Although I can't say I completely understand these new securities, they seem to be like zero coupon bonds, with the principal at maturity being whatever the commodities fund based on its chosen index returns over the 30 years, plus what was invested.

However, investors with zero coupon bonds must pay taxes on them by calculating the amount of interest accrued on them each year, even though they don't receive regular interest payments. (More info about what the IRS calls original discount issues.) The IRS might pass a new rule regarding ETNs that is similar to its treatment of zero coupon bonds. The IRS likes its money! We, too!

Because ETNs are notes, their price in the secondary market will be dependent on the credit rating of Barclays, which is excellent now, but what about 10 or 20 years from now?

Unlike bonds in general, however, I don't think interest rates are a risk, except as far as interest rates affect the prices of commodities, because ETNs don't actually pay interest, nor do they have a specified principal. Their prices will be more determined by the return of the commodities index that the ETN is based on, since Barclays is promising to pay at maturity, whatever the chosen index returned during the term of the note, minus their fee of 0.75%.

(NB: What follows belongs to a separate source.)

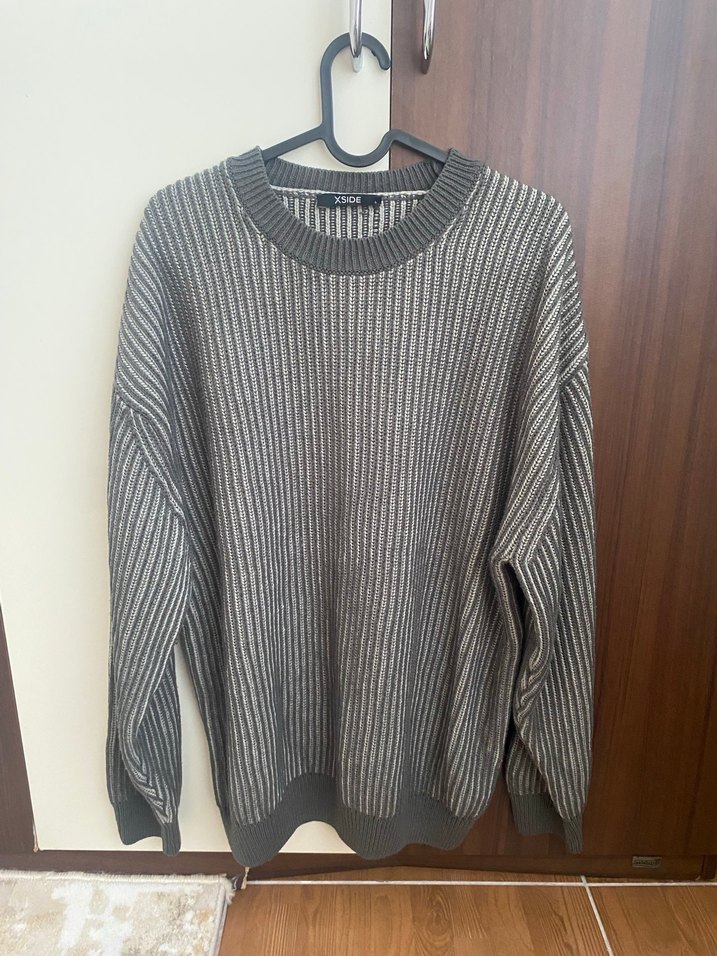 Gri renkli, uzun kollu ve yuvarlak yaka örgü kazak, rahat kesimi ve desen içermeyen tasarımıyla günlük sokak stili için uygundur.

  • Monday, Jul 31, 2006 — 5:58 PM

    Fine Wine as an Investment

    Internet provides clarity, liquidity for wine investors - MarketWatch

    Investing in fine wine is a good way to diversify one's portfolio as you can see in the graph below where prices appreciated 40% to 45% during the same time that the stock market tanked. This is a graph of the Liv-Ex 100 index over the past 18 months, which shows the price appreciation of the 100 selected fine wines included in the index.

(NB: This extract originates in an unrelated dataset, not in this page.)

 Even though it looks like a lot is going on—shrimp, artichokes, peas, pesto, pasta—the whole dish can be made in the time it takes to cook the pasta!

    A graph of the Liv-Ex 100 index of fine wines from January, 2004 to June, 2006, which increased 40-45% over the time frame. Source: The London International Vintners Exchange.

    The London International Vintners Exchange established an electronic trading platform for fine wine in July 2000. No doubt, an ETF will soon follow. Gives new meaning to the terms clarity and liquidity.

    Broad Commodity Exchange-Traded Funds (ETFs)

    Deutsche Bank, Barclays face off with rival commodity ETFs - MarketWatch

    There are 2 new ETFs that track the broad commodity index: Deutsche Bank listed its PowerShares DB Commodity Index Tracking Fund (DBC) on the American Stock Exchange in January, and Barclays Global Investors introduced its iShares GSCI Commodity-Indexed Trust (GSG) on July 21. The Deutsche Bank PowerShares fund, structured as a commodity pool, invests in future contracts with the following proportions:

    Pie Chart: Percentage of the different commodities composing the Deutsche Bank PowerShares DB Commodity Index Tracking Fund.

    The fund also holds U.S. Treasuries, using the interest to pay the 0.75 management fee.

    The iShares fund is based on the Goldman Sachs Commodity Index (GSCI), which tracks 6 energy products, 5 industrial metals and 2 precious metals, 8 agricultural products and 3 livestock products, but because the GSCI weights commodities by world production, it is now heavily weighted in energy.

    Neither fund takes delivery of the commodities, but rather invests in futures contracts, continually rolling them over.